Oleh: Karyudi Sutajah Putra, Pegiat Media

Jakarta – Nampaknya perikehewanan masyarakat Indonesia sekarang ini sudah sedemikian majunya, sampai-sampai perikehewanan terkadang disejajarkan dengan perikemanusiaan.
Ketika ada orang melukai, menyiksa atau bahkan membantai hewan piaraan seperti kucing atau anjing, apalagi hewan yang dilindungi seperti harimau atau badak, orang itu akan berhadapan dengan hukum. Tak sedikit orang masuk penjara karena melakukan kekerasan terhadap hewan atau binatang.
Sebut saja Agus Setyono, pelaku pembunuhan sadis anjing Lato di Mojosongo, Solo, Jawa Tengah, yang divonis 3 bulan penjara oleh pengadilan negeri setempat, Kamis (19/9/2024) lalu.

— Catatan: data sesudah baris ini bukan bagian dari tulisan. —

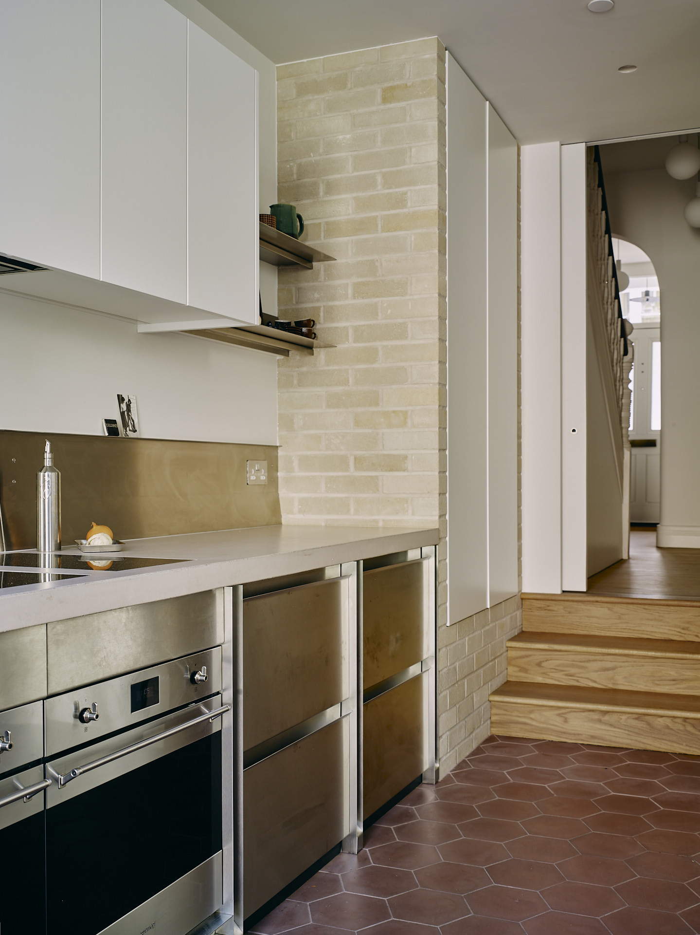 At ground floor, the stone brickwork is expressed internally as a thickened threshold between old and new. Niches carved into the masonry provide space for display and storage, fitted with bespoke steel shelving. Underfoot, hexagonal clay tiles define the kitchen zone, while the central island combines high-gloss cabinetry with a metal framework beneath a curved concrete worktop. The exposed aggregate finish of the concrete introduces subtle texture, creating a natural focal point for gathering, while trowelled surfaces to the working side provide a smoother finish for food preparation. Bespoke stainless-steel cabinetry and splashbacks reinforce the kitchen’s functional character, their folded detailing echoing the chamfered stone sills and mullions of the clerestory windows.

Sebaliknya, kalau orang atau manusia mendapatkan kekerasan dari hewan bahkan sampai meninggal dunia, katakanlah harimau, ular, buaya atau anjing, bagaimana bisa hewan-hewan itu dihukum oleh pengadilan?
Yang bisa dilakukan manusia adalah main hakim sendiri dengan menangkap atau bahkan membunuh hewan tersebut. Itu pun kalau ada pelanggaran hukum, manusia akan dihukum.
Peristiwa teranyar terjadi di DI Yogyakarta. Diberitakan detikjogja.com, Jumat (15/11/2024), Anggoro, seorang warga Banaran diserang seekor anjing jenis Pitbull milik warga Amerika Serikat berinisial Z saat sedang “ngarit” atau mencari rumput di Kali Gendol, Argomulyo, Cangkringan, Sleman, DIY. Akibatnya, telinga korban putus separuh karena terkena gigitan anjing.
Kapolsek Cangkringan AKP Suwanto, Rabu (13/11/2024), menceritakan korban dilarikan ke Rumah Sakit Umum Pusat (RSUP) dr Sardjito, Yogyakarta, untuk menjalani operasi.
Berawal Korban dan Pitbull Saling Kaget
Suwanto mengungkapkan insiden tersebut berawal saat Z mengajak anjingnya ke Kali Gendol. Di sana mereka bertemu dengan Anggoro yang tengah membawa sabit.
Karena kaget, Anggoro tidak sengaja mengayunkan sabitnya dan melukai jari anjing itu hingga putus.
Terluka, Pitbull milik Z menjadi agresif dan berusaha menyerang A. Si pemilik, papar Suwanto, sebenarnya sudah berusaha menahan anjingnya. Namun meski tali kekang si Pitbull sudah ditarik, anjing itu tetap bisa menjangkau korban. Akibatnya, telinga korban putus separuh karena digigit.
Puskeswan (Pusat Kesehatan Hewan) Cangkringan kemudian melakukan pendampingan selama 14 hari untuk mengetahui apakah anjing itu menyerang karena ada rabies atau karena perlawanan. Dugaan sementara bukan karena rabies, tapi karena Pitbull merasa terancam.
Kasus pun berakhir dengan damai. Z, sang pemilik Pitbull, disebut memberikan tali asih kepada korban Anggoro.
Ternyata perlakuan terhadap Anggoro dan Pitbull pun relatif sama. Anggoro menjalani operasi di RSUP dr Sardjito, Pitbull menjalani operasi di sebuah klinik hewan. Terhadap Pitbull, Puskeswan bahkan melakukan pendampingan selama 14 hari.
Alhasil, perlakuan manusia terhadap manusia dan hewan relatif sama. Artinya, perikehawanan masyarakat Indonesia sudah sedemikian majunya, sehingga tak jarang perikehewanan disejajarkan dengan perikemanausiaan.
Mengapa polisi tidak membuka peluang untuk menjerat Z si pemilik Pitbull dengan pasal pidana, misalnya kelalaian yang menyebabkan orang lain celaka?
Z disebut sudah menarik tali kekang Pitbull, namun anjing kesayangannya itu tetap bisa menjangkau telinga atau kuping Anggoro.
Itu analog dengan seorang supir mobil pribadi yang sudah menginjak rem, tetapi tetap menabrak pejalan kaki dan menyebabkan korban cedera. Sang supir bisa menjadi tersangka dan dipidana.
Sekali lagi, mengapa polisi tidak membuka peluang untuk menjerat Z dengan pasal pidana?